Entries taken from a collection
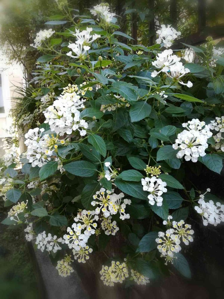 裏の壁の小さな隙間に植えたランタナが、いつの間にか大きく満開になってました😃
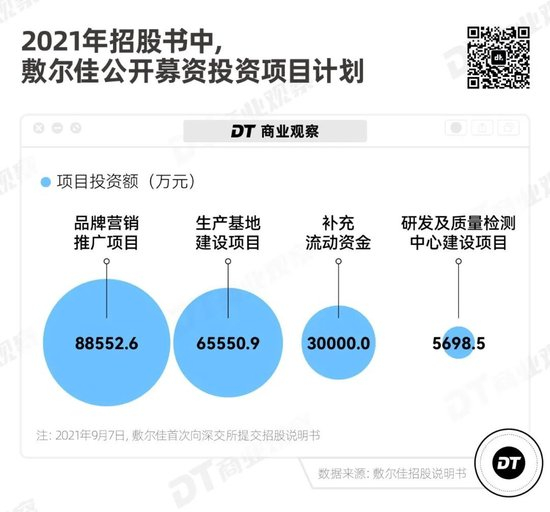 招股书显示,本次公开募集到的资金,只有3%将用于研发及质量检测中心建设项目,46.7%都将投入到品牌营销推广的项目建设。
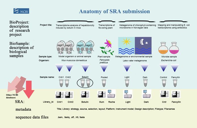 有過數(shù)據(jù)上傳經(jīng)歷的童鞋應(yīng)該對(duì)SRA并不陌生,上傳數(shù)據(jù)前我們一般要?jiǎng)?chuàng)建BioProject、BioSample,用于詳細(xì)說明項(xiàng)目信息、樣品信息;并通過SRA的Experiment、RUN描述建庫測序相關(guān)信息,如建庫類型、測序儀器、單雙端等;下圖概括出了幾者之間的關(guān)系。
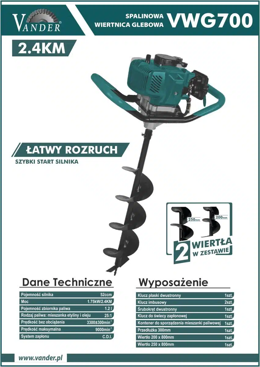 1 opinia dla Wiertnica do Gleby Spalinowa VWG700 VANDER 2.4 KM
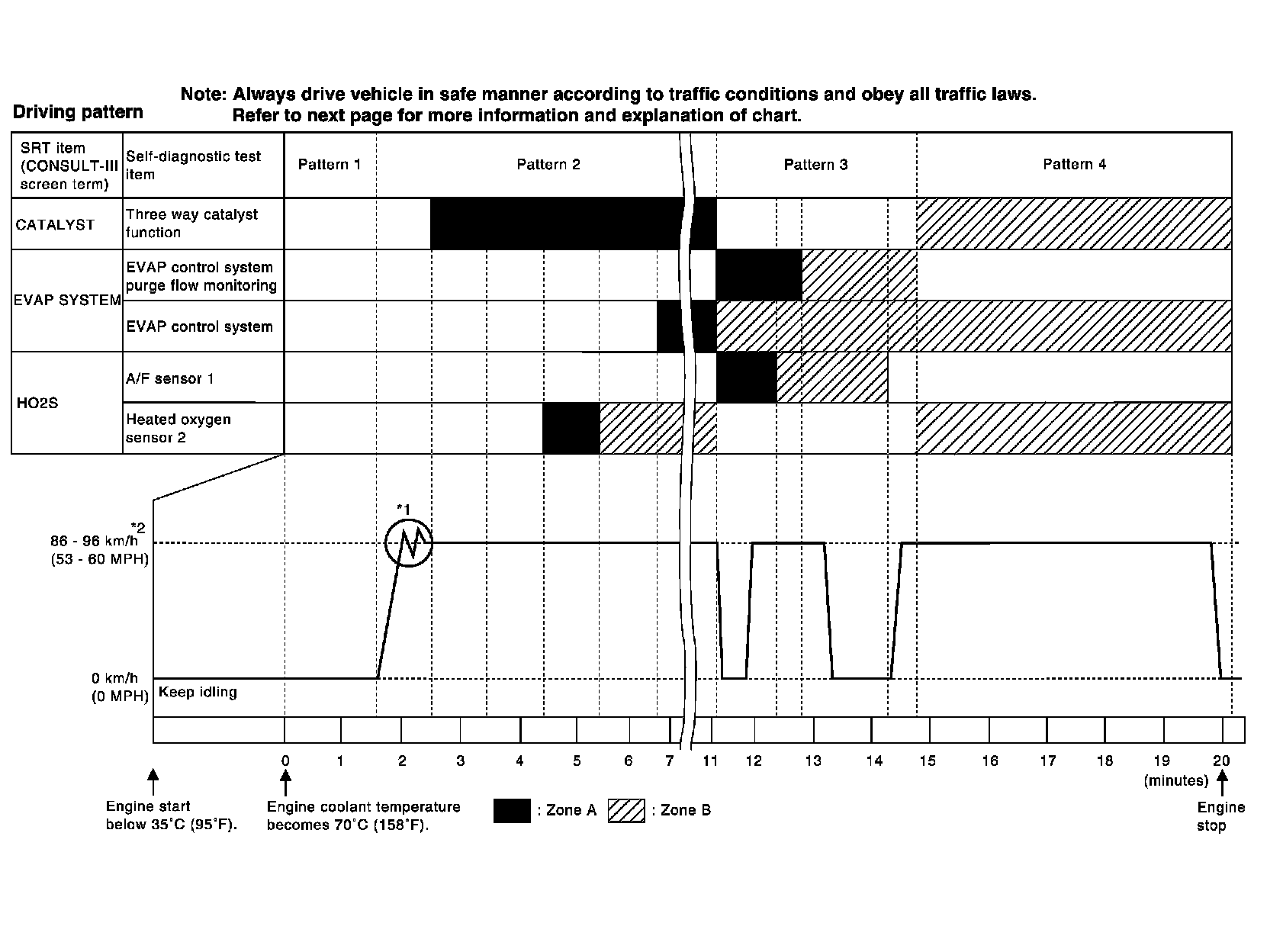 The most efficient driving pattern in which SRT codes can be properly set is explained on the next page. The driving pattern should be performed one or more times to set all SRT codes.
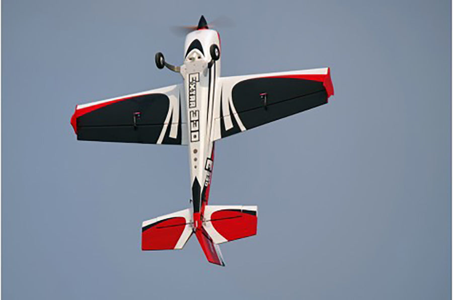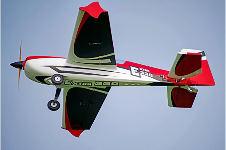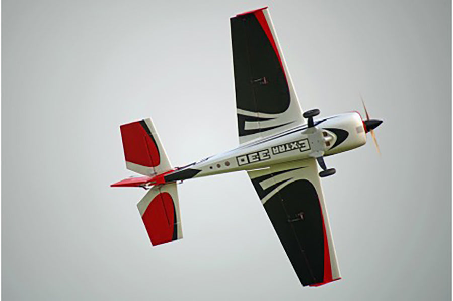 Building on the advanced construction and design of its predecessors, the Extra 330 integrates a strong yet lightweight hollow wing structure, carbon fiber wing spars, carbon fiber landing gear and highly efficient large wooden propellers- which effectively reduce vibrations while being highly efficient. Featuring a monstrous 6860 motor, Predator 90A High-voltage ESC and Predator high-voltage 75g servos, the Extra 330 will perform any maneuver the pilot thinks of. High speed passes, inverted fight, loops and point rolls are a piece of cake when its powered by the recommended 12S battery.
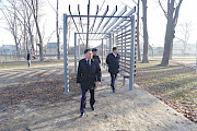 Бишкек, 07.12.23. /Кабар/. Бишкектин Биринчи май районунун акими Мурат Осмонов Нариманов жана Алтай тилкелеринин кесилишиндеги жаңы сейил бактын курулуш иштеринин жүрүшү менен таанышты.
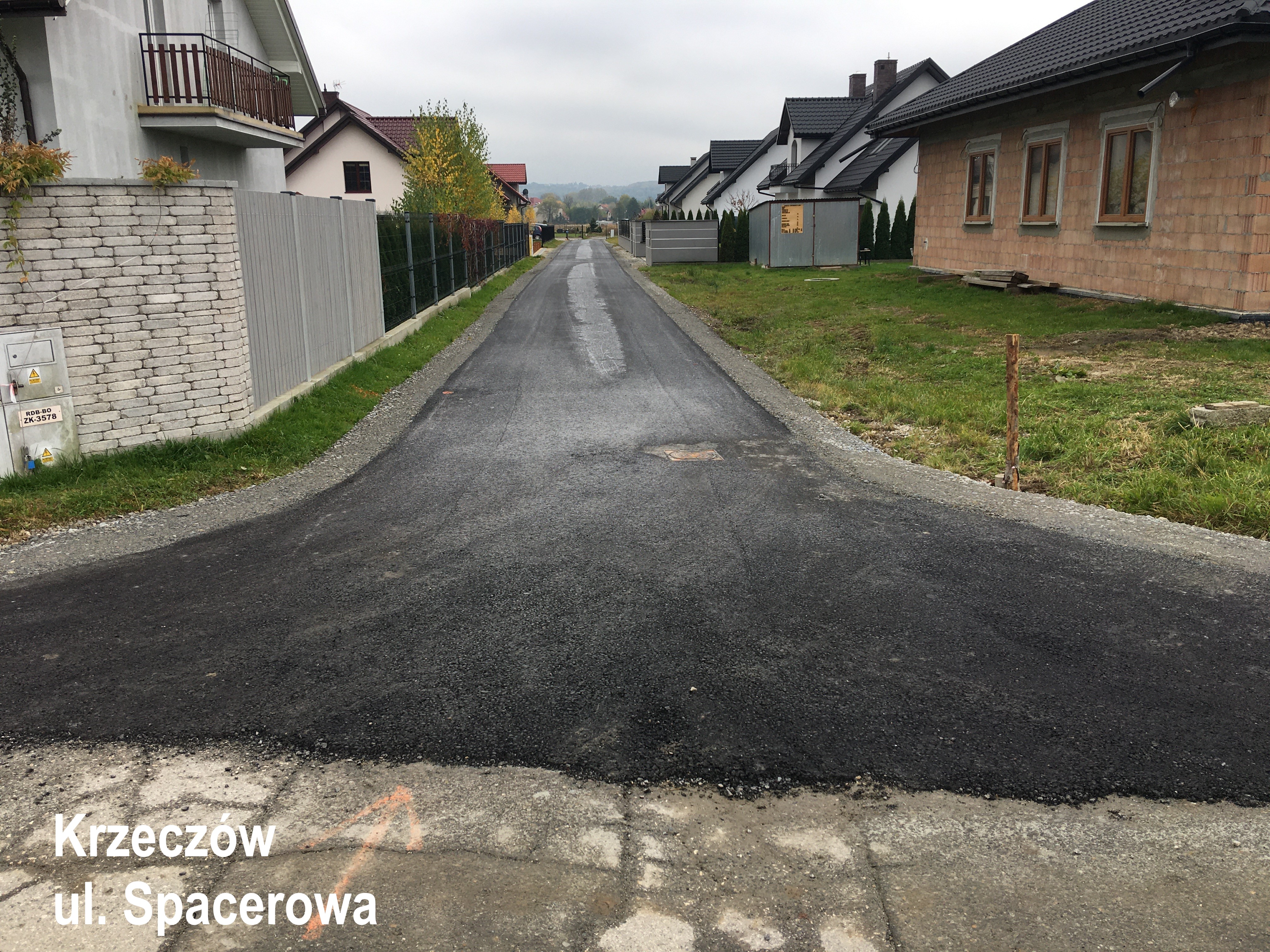 - ulica Spacerowa w Krzeczowie (działki 845/9 i 845/11) o długości 115 m, wartość inwestycji : 30.981,24 zł ;
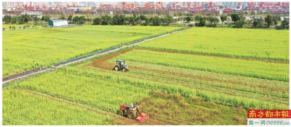 广州市黄埔区大吉沙岛的160亩隆平试验田开耕,图中为拖拉机在推平油菜花,将其翻入土中回填育肥。
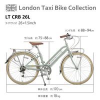 魅力的なヴィンテージスタイルの【ロンドンタクシー】London Taxi CRB266Lが登場しました。ウォームグレーとジェイドグリーン、レッドの美しいカラーリングは、街中で目を引くこと間違いなしです。26インチのタイヤサイズは、安定感と乗り心地を提供し、通勤・通学にぴったりです。
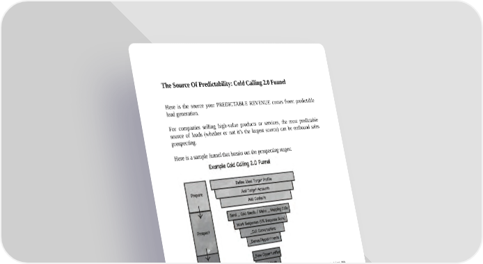 The Source Of Predictability: Cold Calling 2.0 Funnel Here is the source your PREDICTABLE REVENUE comes from: predictable lead generation. For companies selling high-value products or services, the most predictable source of leads (whether or not it’s the largest source) can be outbound sales prospecting. Here is a sample funnel that breaks out the prospecting stages: As you can see, if you experiment with your process, people and activities to find how to generate a predictable flow of new qualified opportunities, and have a consistent sales closing rate, you can begin to generate highly predictable revenue and proactive growth. Revenue Predictability = The Funnel + Average Deal Size + Time In addition to these activities and results funnel, you also have to know how long things take in order to have more predictability.
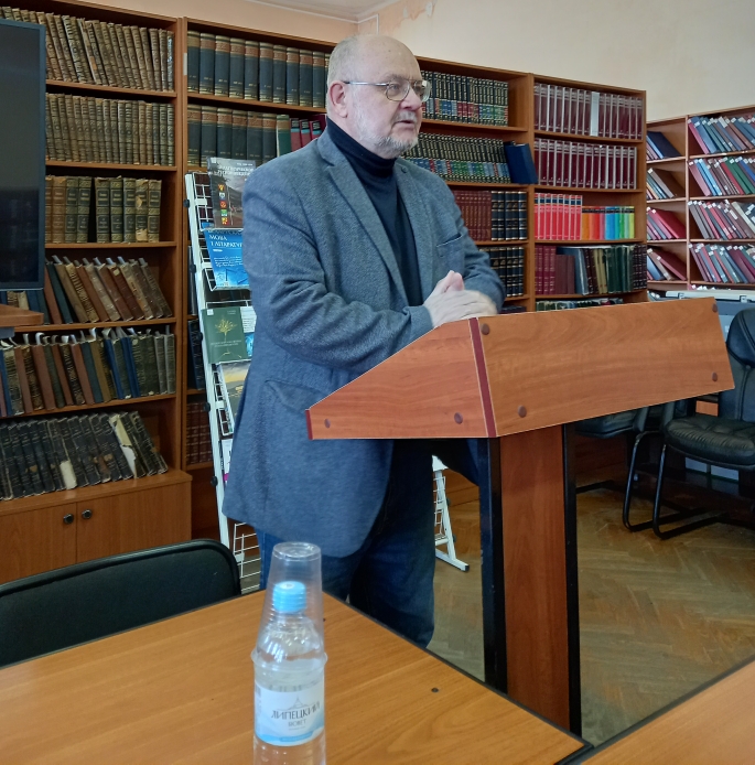 В этом году приглашенными лекторами на научно-практическом семинаре были преподаватель ВГУ, профессор, д-р ист. наук Минаков А.Ю., он познакомил слушателей с историей становления и развития научной библиотеки нашего университета, а также гл. хранитель музейных предметов ВОХМ им. И.Н. Крамского, преподаватель ВГУ Малик Ю.С., прочитал лекцию на тему: Культурно-просветительская деятельность университетской библиотеки (на примере музейной работы ВОХМ им. И.Н. Крамского).
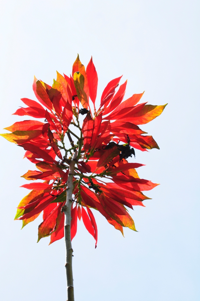 Two days ago, when I went for a morning walk in the Periyar Tiger Reserve, the spectacular show of bright crimson flowers attracted my eyes and forced me to stop and take photos. Due to the change of seasons, the trees are shedding their leaves and putting their energy into blooming flowers–and the results are fabulously picturesque.
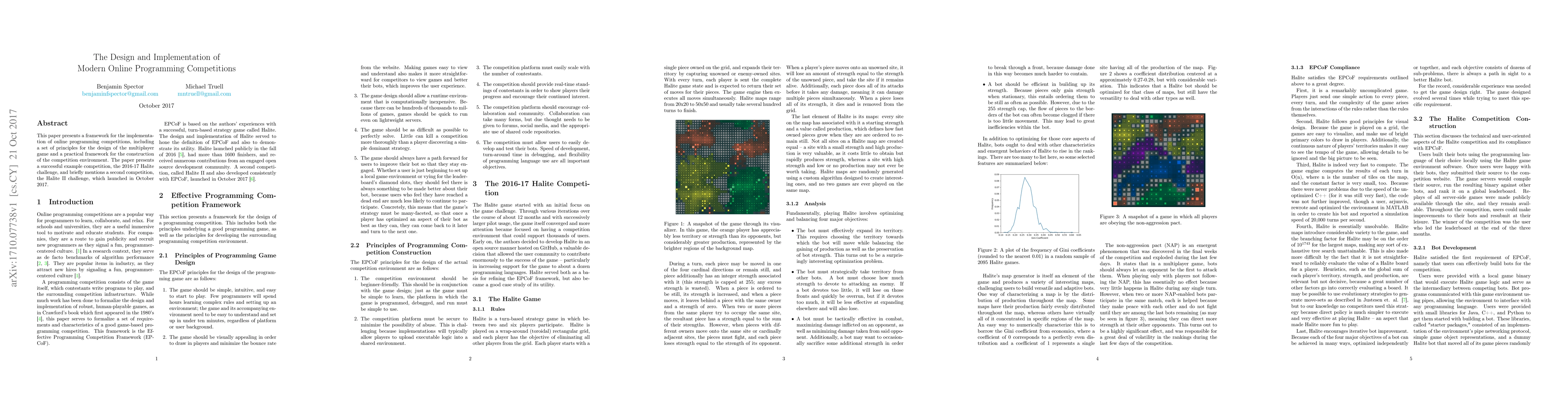 This paper presents a framework for the implementation of online programming competitions, including a set of principles for the design of the multiplayer game and a practical framework for the construction of the competition environment. The paper presents a successful example competition, the 2016-17 Halite challenge, and briefly mentions a second competition, the Halite II challenge, which launched in October 2017.
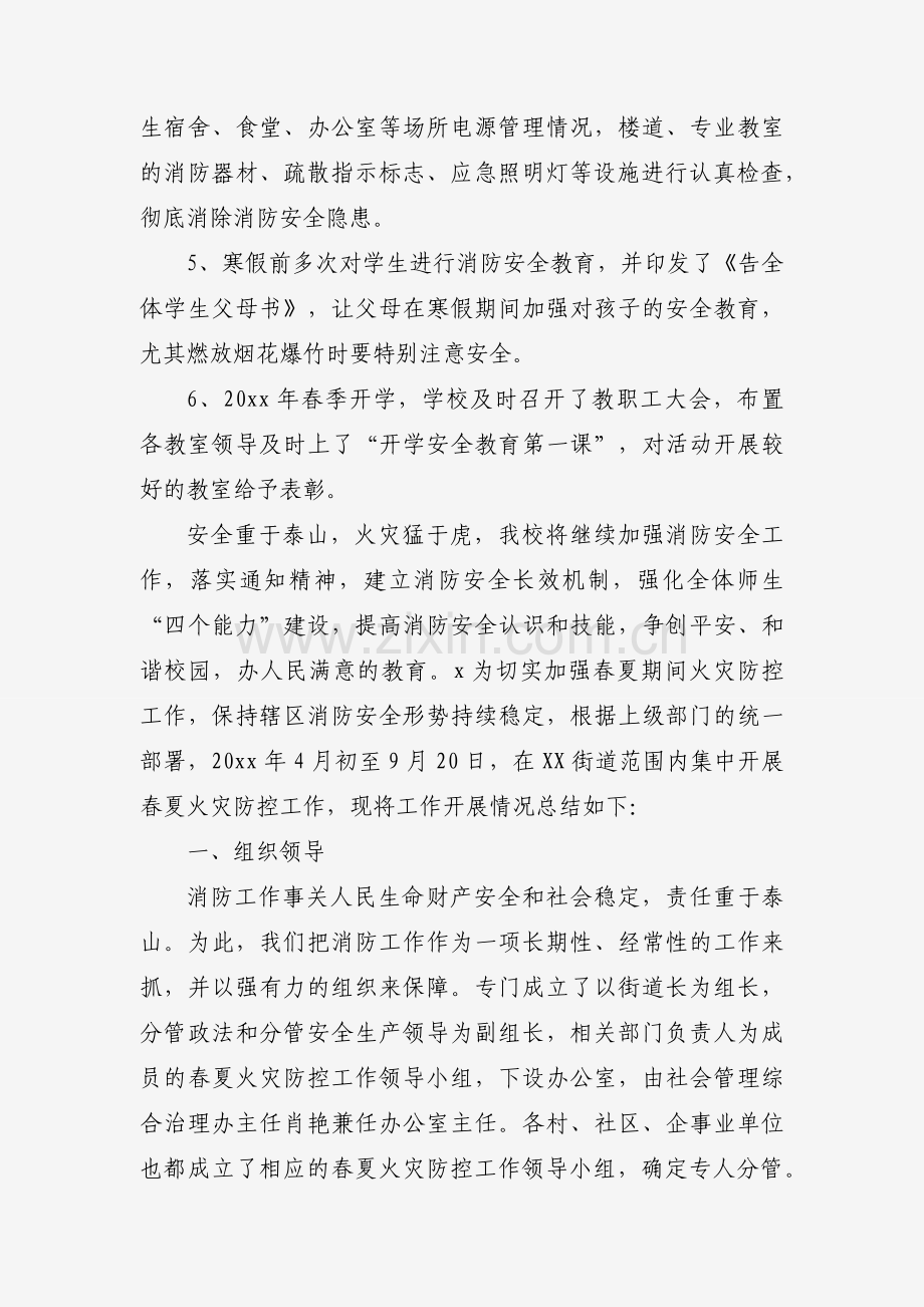 安全重于泰山,火灾猛于虎,我校将继续加强消防安全工作,落实通知精神,建立消防安全长效机制,强化全体师生“四个能力”建设,提高消防安全认识和技能,争创平安、和谐校园,办人民满意的教育。x为切实加强春夏期间火灾防控工作,保持辖区消防安全形势持续稳定,根据上级部门的统一部署,20xx年4月初至9月20日,在XX街道范围内集中开展春夏火灾防控工作,现将工作开展情况总结如下:
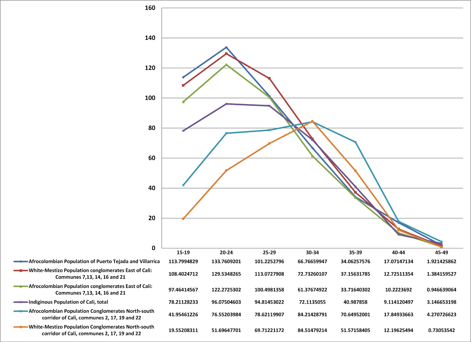 It is worth noting that the specific fertility rates for the Cali conglomerate of middle classes and upper classes, white-mestizo and black sare not only the most moderate, but the reproductive peak occurs in the 30-34 age group. This is a pattern similar to that found in core capitalist countries with the highest human development index(Fig. 2).On the other hand, the indigenous population in Cali, which is high lighted by the Nasa and Guambiano groups, has a lower fertility rate than that of the mestizo and Afro-Colombian populations in the Eastern Cali conglomerate and in the municipalities of PuertoTejada and Villarrica (Fig. 2). This is consistent with the selective urban migration pattern of other indigenous groups, as has been supported by the findings of other recent studies.
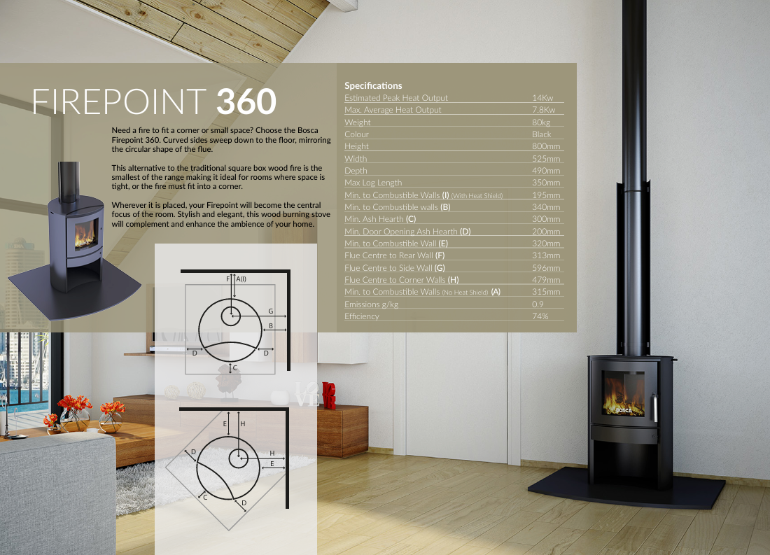 The BOSCA Firepoint 360 wood burning fire is small in size, but big on heat and style. With elegant, curved sides and European styling, the 360 enhances the ambience of any room. This aesthetically beautiful fireplace has the smallest footprint & dimensions of all the Bosca log burners. The curved sides allow the fire to fit where space is tight or corner placement is required. The 14kW output is perfect for heating small to average sized homes and features a built in ash pan. There is also no need for an expensive insulated hearth, all Bosca fires only require an ash hearth.
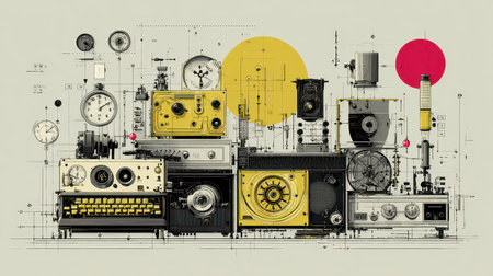 This detailed vintage machinery illustration combines graphic design elements in a unique layout. The composition features intricate tools and gauges, set against a creative backdrop.
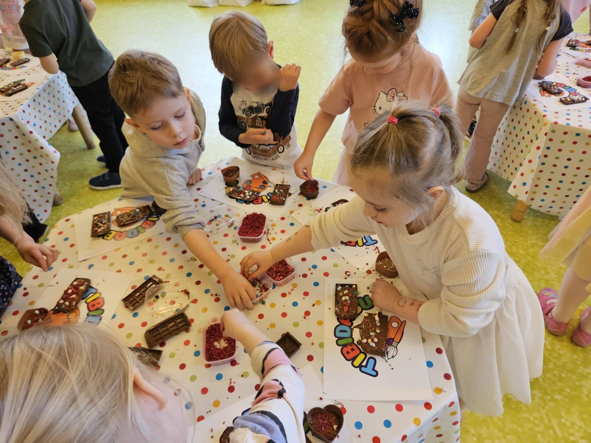 Dziś odbyły się warsztaty z okazji Dnia Cukiernika/Piekarza. Dzieci wykonały swoje własne czekoladowe wyroby 🙂
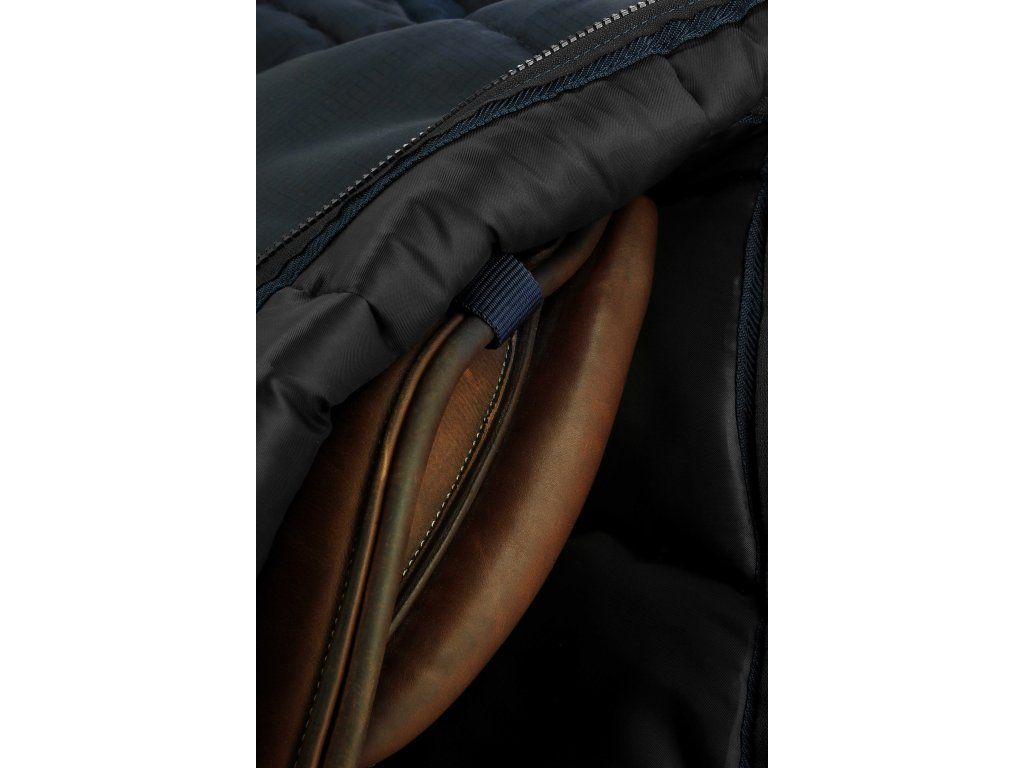 Odolná taška na sedlo, která je vyrobena z kvalitní a pevné 250 D polyesterové tkaniny v elegantní barvě navy blue. Podšívku tvoří prošívaný tmavě modrý taft 210 D s výplní z 300 g polyfilu, což zajišťuje ochranu a dostatek prostoru pro uložení sedla – díky zapínání na zip padne na sedla všech velikostí. Rozměry tašky jsou 62 x 62 cm.

Task instructions
Retype exactly the lines from the one containing "The BOSCA Firepoint" through the last line of the records above, both included, and leave out any pictures.

Exercise result
 The BOSCA Firepoint 360 wood burning fire is small in size, but big on heat and style. With elegant, curved sides and European styling, the 360 enhances the ambience of any room. This aesthetically beautiful fireplace has the smallest footprint & dimensions of all the Bosca log burners. The curved sides allow the fire to fit where space is tight or corner placement is required. The 14kW output is perfect for heating small to average sized homes and features a built in ash pan. There is also no need for an expensive insulated hearth, all Bosca fires only require an ash hearth.
 This detailed vintage machinery illustration combines graphic design elements in a unique layout. The composition features intricate tools and gauges, set against a creative backdrop.
 Dziś odbyły się warsztaty z okazji Dnia Cukiernika/Piekarza. Dzieci wykonały swoje własne czekoladowe wyroby 🙂
 Odolná taška na sedlo, která je vyrobena z kvalitní a pevné 250 D polyesterové tkaniny v elegantní barvě navy blue. Podšívku tvoří prošívaný tmavě modrý taft 210 D s výplní z 300 g polyfilu, což zajišťuje ochranu a dostatek prostoru pro uložení sedla – díky zapínání na zip padne na sedla všech velikostí. Rozměry tašky jsou 62 x 62 cm.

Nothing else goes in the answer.